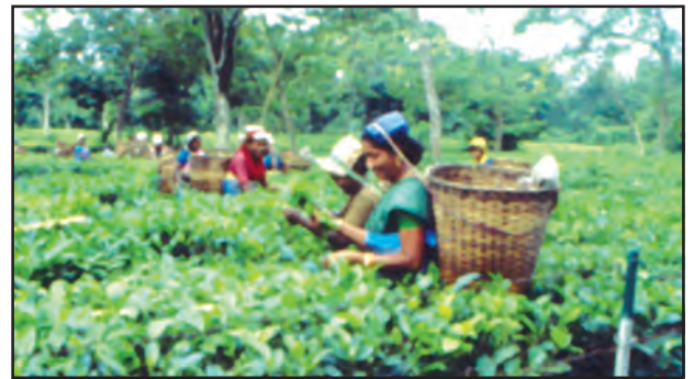
चित्र 6.10 : असम में चाय बागान
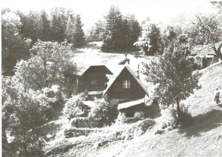
... in danes, delno obnovljena in ohranjena poznejšim rodovom.
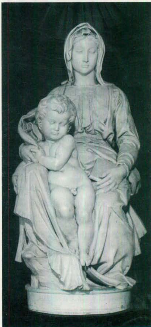
MADONNA. OBRA DE MIGUEL ANGEL

carne" (Gn 2, 18, 25). Que esto significa una unión indefectible de sus dos vidas, el Señor mismo lo muestra recordando cuál fue "en el principio", el plan del Creador: "De manera que ya no son dos sino una sola carne" (Mt 19, 6).
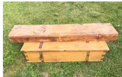
Byakistan målad i guldockra och ovanpå kistan det särskilda skrinet för kartor.

Till detta kulturarv hör också Byakistan (se bild). Den kan vi kalla dåtidens arkiv. Innehållet domineras av rättshandlingar. Inte så sällan uppstod tvister, främst om markägande, som hamnade i domstol. Sådana problem är tack och lov sällsynta i våra dagar. Samfälligheten har ambitionen att katalogisera kistans innehåll och översätta vissa handlingar till nutidsvenska.
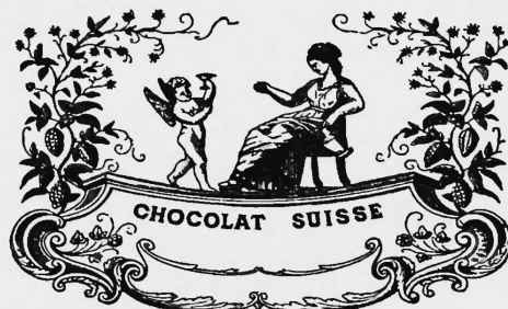
La première marque publiée par la FOSC., portant le N° 848 — Erste im SHAB. veröffentlichte Marke, Nr. 848 (8. 12. 1882)*

Am 13. November 1880 veröffentlichte das «Eidgenössische Amt für die Fabrikmarken in Bern (Eidg. Handels- und Landwirtschaftsdepartement)», das kurz vorher durch das Bundesgesetz vom 19. Christmonat 1879 betreffend den Schutz der Fabrik- und Handelsmarken ins Leben gerufen worden war, als Anhang zum Bundesblatt die erste Serie von Marken, welche die Nummern 1 bis 847 tragen und vom Amt «am 1. November 1880, 8 Uhr Vormittags eingetragen» worden waren. Als dann anfangs 1883 das Schweizerische Handelsamtsblatt zu erscheinen begann, wurde dieses als Publikationsorgan des Amtes — das 1888, nach dem Inkrafttreten des ersten Patentgesetzes, den Namen «Eidgenössisches Amt für geistiges Eigentum» erhielt — für die bei ihm eingetragenen Marken und später auch für die Patenterteilungen und Musterhinterlegungen bezeichnet. Von der Nummer 848 vom Januar 1883 bis zur Nummer 168 186, veröffentlicht am 30. Dezember 1957, sind es nun mehr als 167 000 Marken, einschliesslich Erneuerungen, die in diesen letzten 75 Jahren in den Spalten des Schweizerischen Handelsamtsblattes veröffentlicht wurden und diesem antiken Blatt eine Illustration origineller Art vermittelt haben.
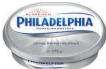
Philadelphia Frischkäse oder Frischkäsezubereitung verschiedene Sorten und Fettanteile 140–175-g-Packung je (100 g = 0.50–0.63 €)
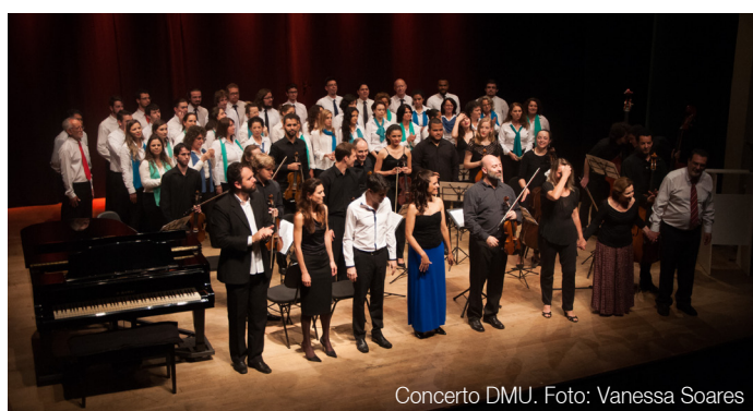
Concerto DMU.
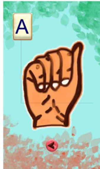
Gambar 7. Gambar Sibi Huruf A

Gambar 6. tampilan menu SIBI pada aplikasi android SLBN 1 lengayang. Sehingga siswa dapat melihat dan mengetahui huruf – huruf SIBI dari A sampai Z.
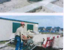
Afbbeelding 6, 7 en 8. Praktijksituatie Maxi-rooster op container
= = = = = = =
**Work request**
Please give back exactly, and with no pictures, the lines from where the listing above begins through the line containing "(Mt 19, 6).".

**Solution for this task**
चित्र 6.10 : असम में चाय बागान
... in danes, delno obnovljena in ohranjena poznejšim rodovom.
MADONNA. OBRA DE MIGUEL ANGEL

carne" (Gn 2, 18, 25). Que esto significa una unión indefectible de sus dos vidas, el Señor mismo lo muestra recordando cuál fue "en el principio", el plan del Creador: "De manera que ya no son dos sino una sola carne" (Mt 19, 6).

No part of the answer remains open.